Yoon Yong-ho

Personal information
- Date of birth: 6 March 1996 (age 29)
- Place of birth: South Korea
- Height: 1.75 m (5 ft 9 in)
- Position: Midfielder

Team information
- Current team: Cheonan City FC
- Number: 8

Youth career
- 2012–2014: Maetan High School
- 2015–2016: Hanyang University

Senior career*
- Years: Team / Apps / (Gls)
- 2017–2018: Suwon Samsung Bluewings / 8 / (1)
- 2019: Daejeon Citizen / 12 / (1)
- 2019: → Jeonnam Dragons (Loan) / 6 / (1)
- 2020: Seongnam FC / 5 / (0)
- 2021: Incheon United FC / 0 / (0)
- 2021–: Cheonan City FC / 76 / (13)

International career^{‡}
- 2011–2012: South Korea U-17 / 6 / (0)
- 2018–: South Korea U-23 / 0 / (0)

= Yoon Yong-ho =

South Korean footballer

Yoon Yong-ho (born 6 March 1996) is a South Korean football midfielder who plays for Cheonan City FC.

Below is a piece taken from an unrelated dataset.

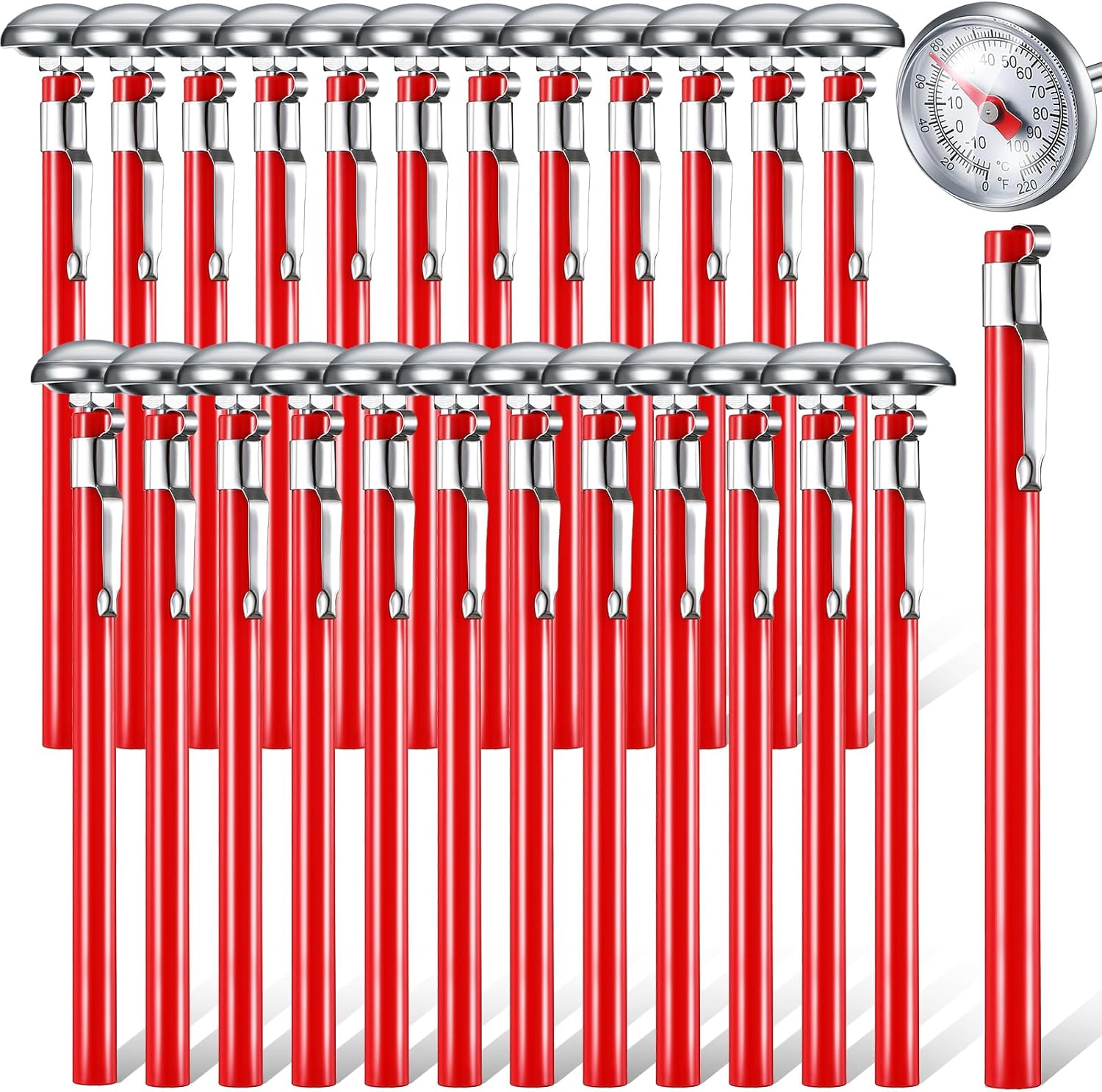 Xuhal 24 Pcs Stainless Steel Kitchen Thermometer with 5 Inch Long Stem 1 Inch Dial Thermometer Milk Frothing Food for Oven Probe Meat Grill BBQ Cooking Chocolate Water (Red)
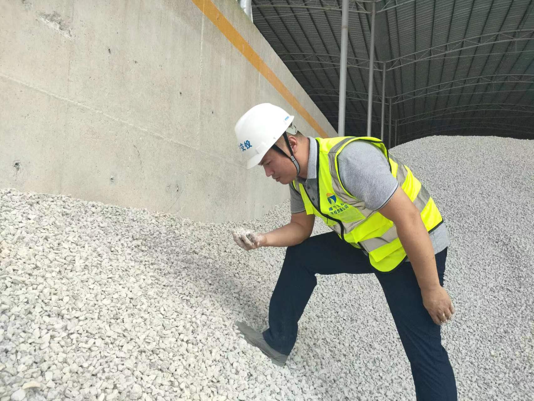 在項目的砂石倉庫,業(yè)務員們對倉庫里的石料情況進行認真比對,嚴格核驗砂石規(guī)格、品質是否符合項目要求,確保物料按需運送。他們用行動詮釋著擔當,用堅守為項目建設助力。

He started his career at Suwon Bluewings before joining Daejeon Citizen on a free transfer during the spring of 2019.

In the summer of 2019, he joined Jeonnam Dragons on loan until the end of the 2019 K League 2 season.

In 2020, he joined Seongnam FC of K League 1.